AIM OF THE EXERCISE:
Would you repeat the data below exactly, taking out the images?

PROVIDED MATERIAL:

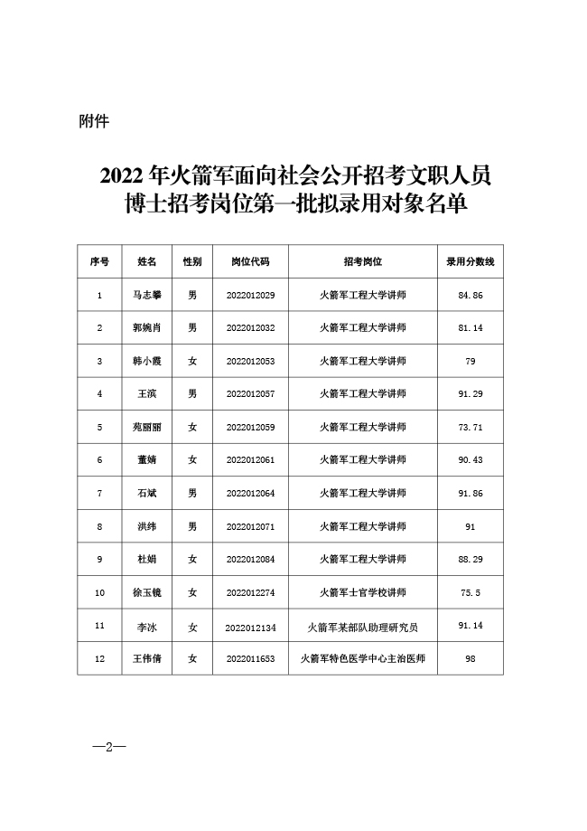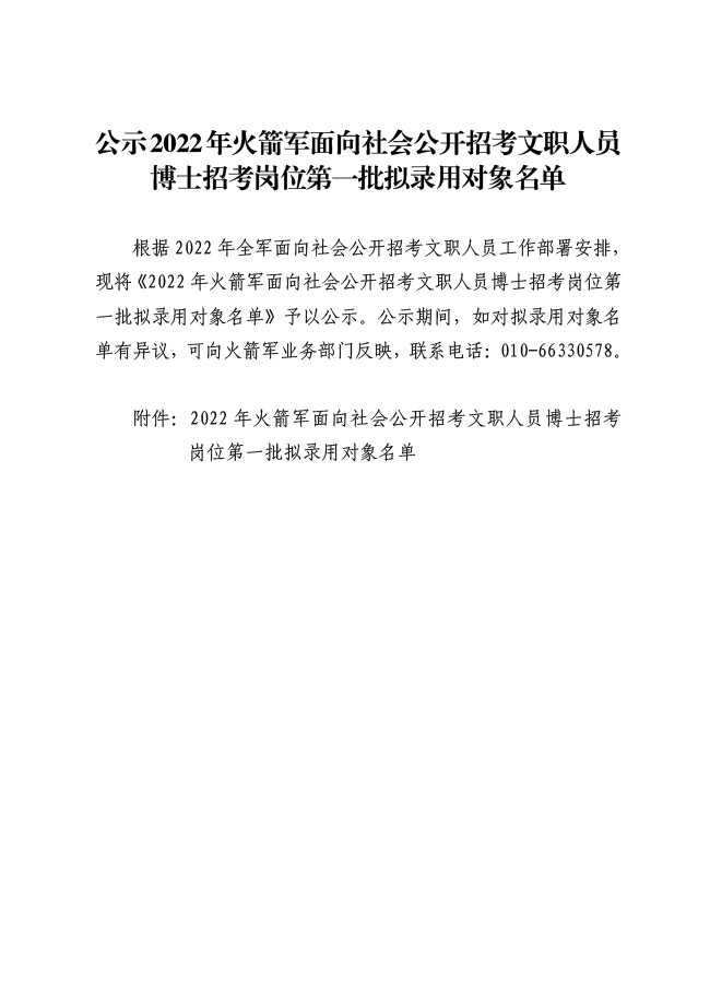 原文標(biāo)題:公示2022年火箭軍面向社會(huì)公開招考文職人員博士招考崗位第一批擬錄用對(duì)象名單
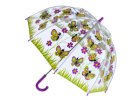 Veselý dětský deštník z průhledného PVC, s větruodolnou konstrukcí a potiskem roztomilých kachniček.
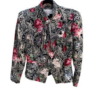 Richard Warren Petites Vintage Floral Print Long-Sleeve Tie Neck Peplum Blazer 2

ANSWER BELOW:
 原文標(biāo)題:公示2022年火箭軍面向社會(huì)公開招考文職人員博士招考崗位第一批擬錄用對(duì)象名單
 Veselý dětský deštník z průhledného PVC, s větruodolnou konstrukcí a potiskem roztomilých kachniček.
 Richard Warren Petites Vintage Floral Print Long-Sleeve Tie Neck Peplum Blazer 2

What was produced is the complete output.